New Delhi, Oct 24 : The Indian hotel industry’s recovery to pre-Covid levels profits is at least three years away, ratings agency ICRA has said.

The ratings agency said that road ahead for the industry is rough as revenues and margins are expected to post record decline in FY21 with losses mounting over the next two years.

The hotel industry has witnessed one of the worst revenue declines, in Q1FY21, with revenues for the industry sample declining by 85 per cent.

“Given the high operating and financial leverage in the industry, the revenue decline led to huge operating and net losses in Q1 FY2021 despite the extensive cost-cutting measures adopted by most entities in the industry,” ICRA said in a statement.

“Despite sharp weakening in interest coverage, recourse to the RBI provided moratorium on debt servicing as part of its Covid relief package announced in March 2020 supported the industry.”

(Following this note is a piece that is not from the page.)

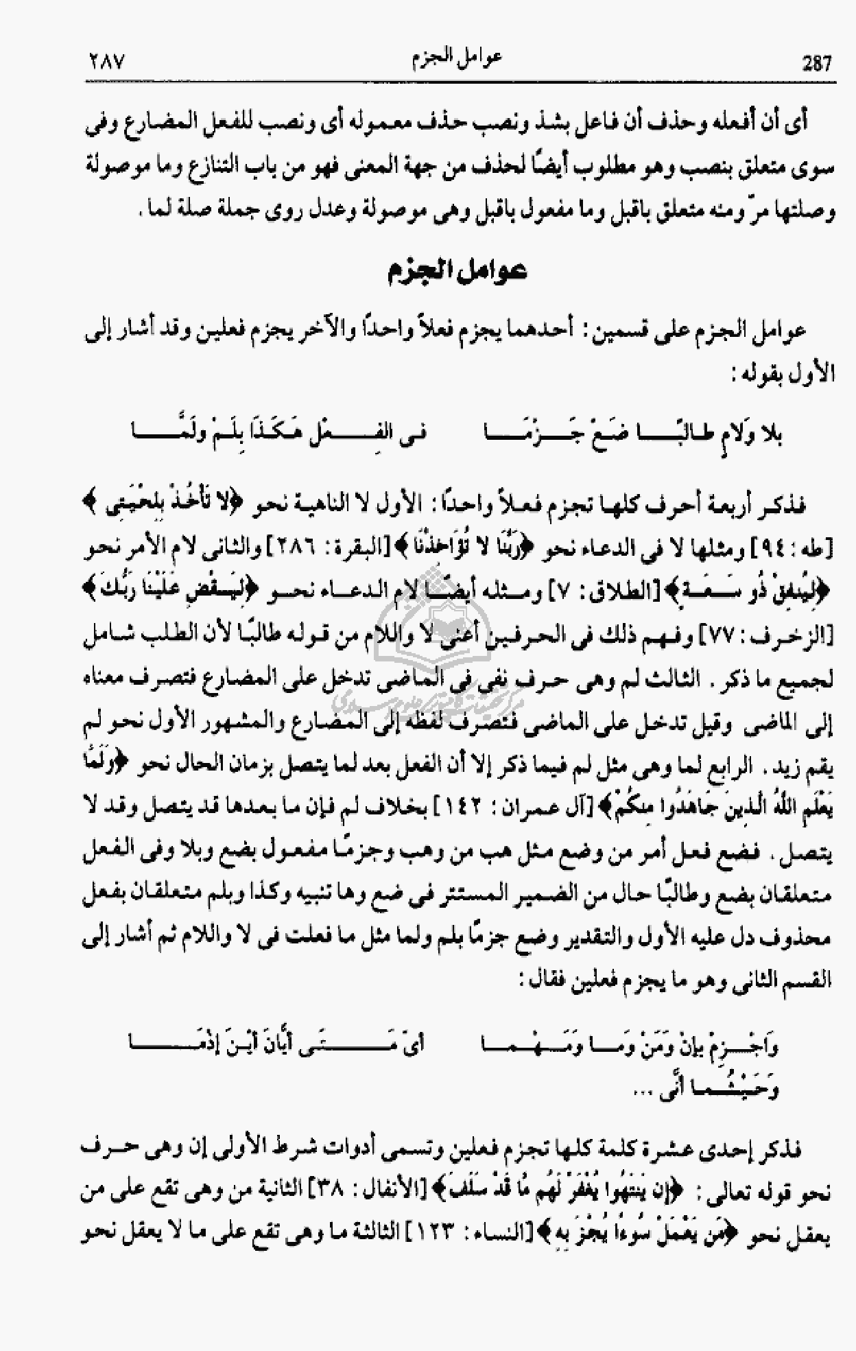 فذكر أربعة أحرف كلها تجزم فعلا واحدا: الأول لا الناهية نحو لا تَأْخُذْ بِلِحْيَتِي [طه: 94] ومثلها لا فى الدعاء نحو رَبَّنا لا تُؤاخِذْنا [البقرة: 286] والثانى لام الأمر نحو لِيُنْفِقْ ذُو سَعَةٍ [الطلاق: 7] ومثله أيضا لام الدعاء نحو لِيَقْضِ عَلَيْنا رَبُّكَ [الزخرف: 77] وفهم ذلك فى الحرفين أعنى لا واللام من قوله طالبا لأن الطلب شامل لجميع ما ذكر. الثالث لم وهى حرف نفى فى الماضى تدخل على المضارع فتصرف معناه إلى الماضى وقيل تدخل على الماضى فتصرف لفظه إلى المضارع والمشهور الأول نحو لم يقم زيد. الرابع لما وهى مثل لم فيما ذكر إلا أن الفعل بعد لما يتصل بزمان الحال نحو وَلَمَّا يَعْلَمِ اللَّهُ الَّذِينَ جاهَدُوا مِنْكُمْ [آل عمران: 142] بخلاف لم فإن ما بعدها قد يتصل وقد لا يتصل. فضع فعل أمر من وضع مثل هب من وهب وجزما مفعول بضع وبلا وفى الفعل متعلقان بضع وطالبا حال من الضمير المستتر فى ضع وها تنبيه وكذا وبلم متعلقان بفعل محذوف دل عليه الأول والتقدير وضع جزما بلم ولما مثل ما فعلت فى لا واللام ثم أشار إلى القسم الثانى وهو ما يجزم فعلين فقال: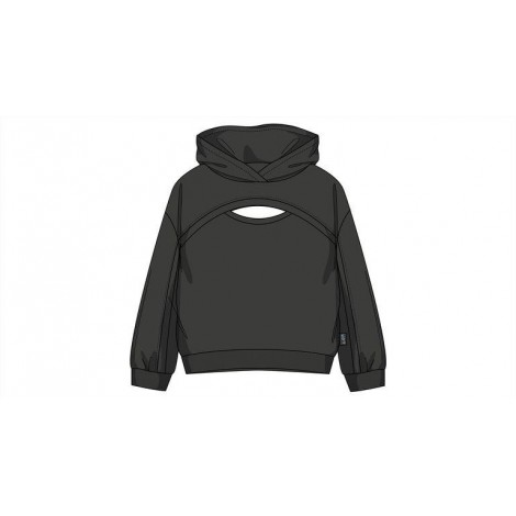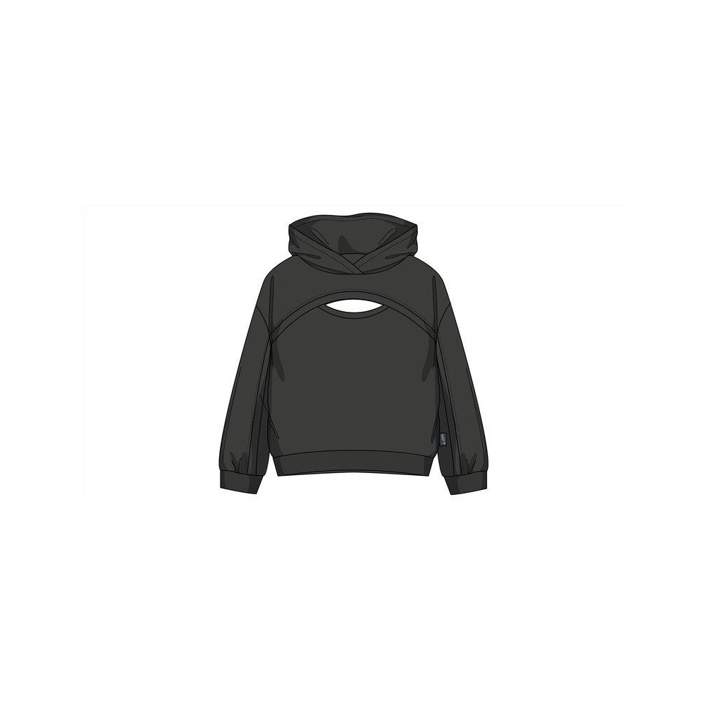 Felpa bambina/ragazza Losan grigia dettaglio buco, con cappuccio, modello corto, interno in cotone felpato

As per the statement, about 66 per cent of ICRA’s hospitality portfolio applied for moratorium under this scheme and several of these will apply for restructuring under the K.V. Kamath committee too.

“Although hotels have been gradually allowed to reopen, occupancies have remained subdued in H1FY2021,” the statement said.

“This will keep revenues moderated, resulting in operating losses and stretched debt metrics during FY2021 and FY2022.”

The industry has reported a 2.7 per cent de-growth in topline with flat operating margins at 22 per cent in FY2020.

“With an 85 per cent YoY decline witnessed in revenues in Q1 FY2021 and subdued occupancies witnessed in Q2 FY2021 as well, industry wide revenues are expected to witness sharp de-growth of 60-65 per cent for FY2021,” ICRA said.

“Despite several measures taken by the companies to variabilise the fixed costs, the industry is likely to report massive operating and net losses in FY2021.”